Supplied material |

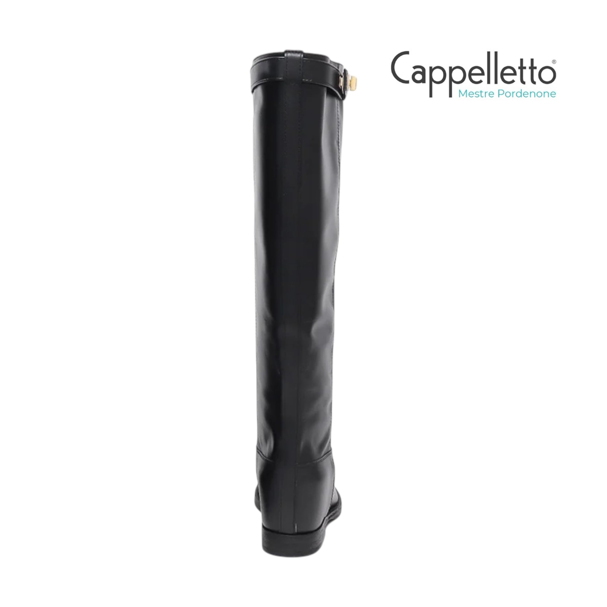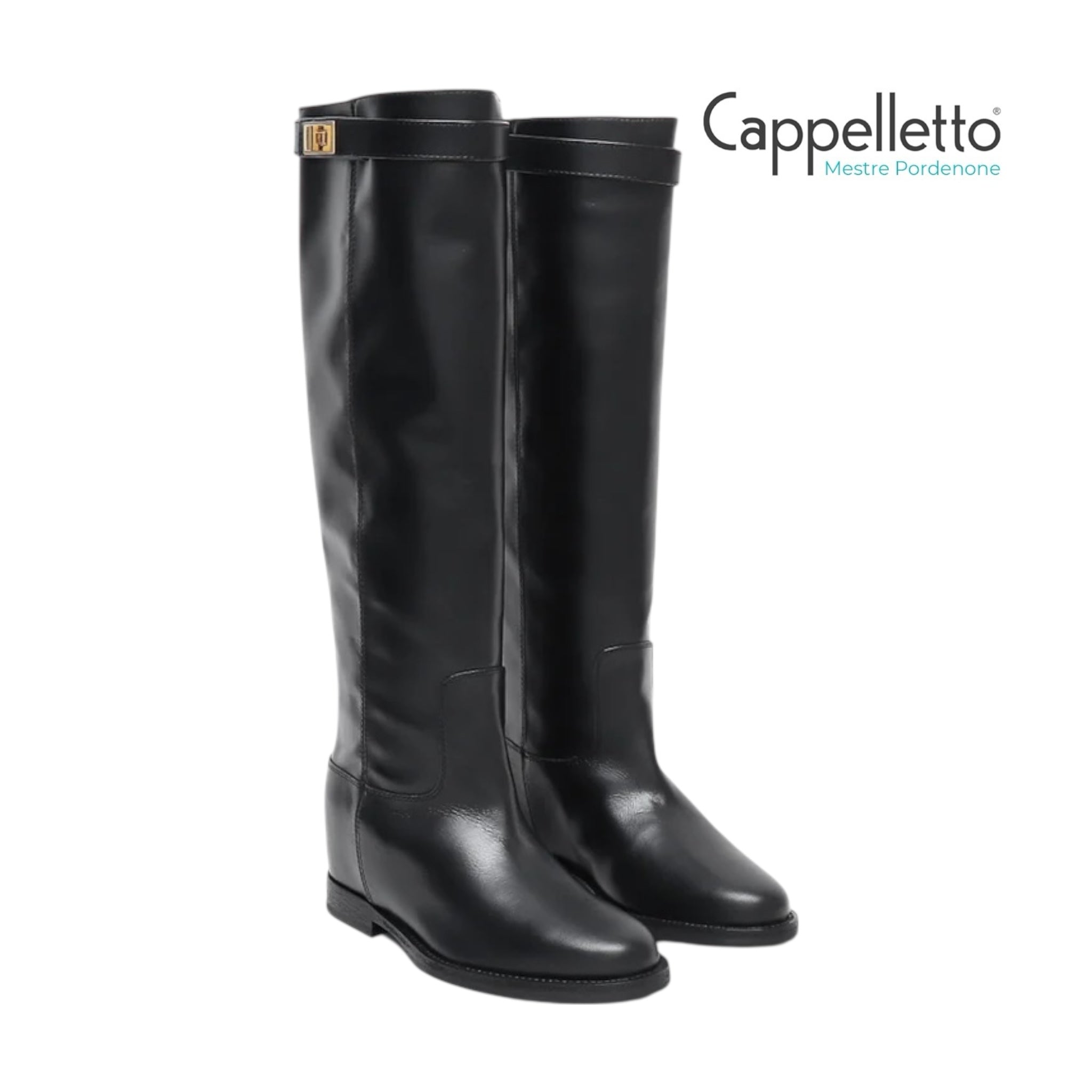 Zeppa interna di 4cm. Fodera in pelle. Suola in cuoio con pianta in gomma applicata.
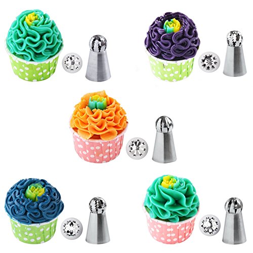 - ✔ 14PCS PIPING TIPS SET - This kit includes 10 X Russian Ball Piping Tips, 1 X Reusable Silicone Pastry Bag, 2 X Three-Piece Coupler, and 1 X plastic storage box. The coupler allows you to attach 1,2,or 3 piping bags, which allows that this coupler up to three colors to flow through the piping tip at a time.
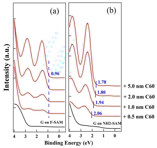 UPS spectra for the growth of C60 on (a) graphene/F-SAM and (b) graphene/NH2-SAM.

Task instructions | With pictures left out, print the lines of the material above from the line containing "- ✔ 14PCS PIPING" through its last line, exactly and nothing more.

Solution to this exercise |
 - ✔ 14PCS PIPING TIPS SET - This kit includes 10 X Russian Ball Piping Tips, 1 X Reusable Silicone Pastry Bag, 2 X Three-Piece Coupler, and 1 X plastic storage box. The coupler allows you to attach 1,2,or 3 piping bags, which allows that this coupler up to three colors to flow through the piping tip at a time.
 UPS spectra for the growth of C60 on (a) graphene/F-SAM and (b) graphene/NH2-SAM.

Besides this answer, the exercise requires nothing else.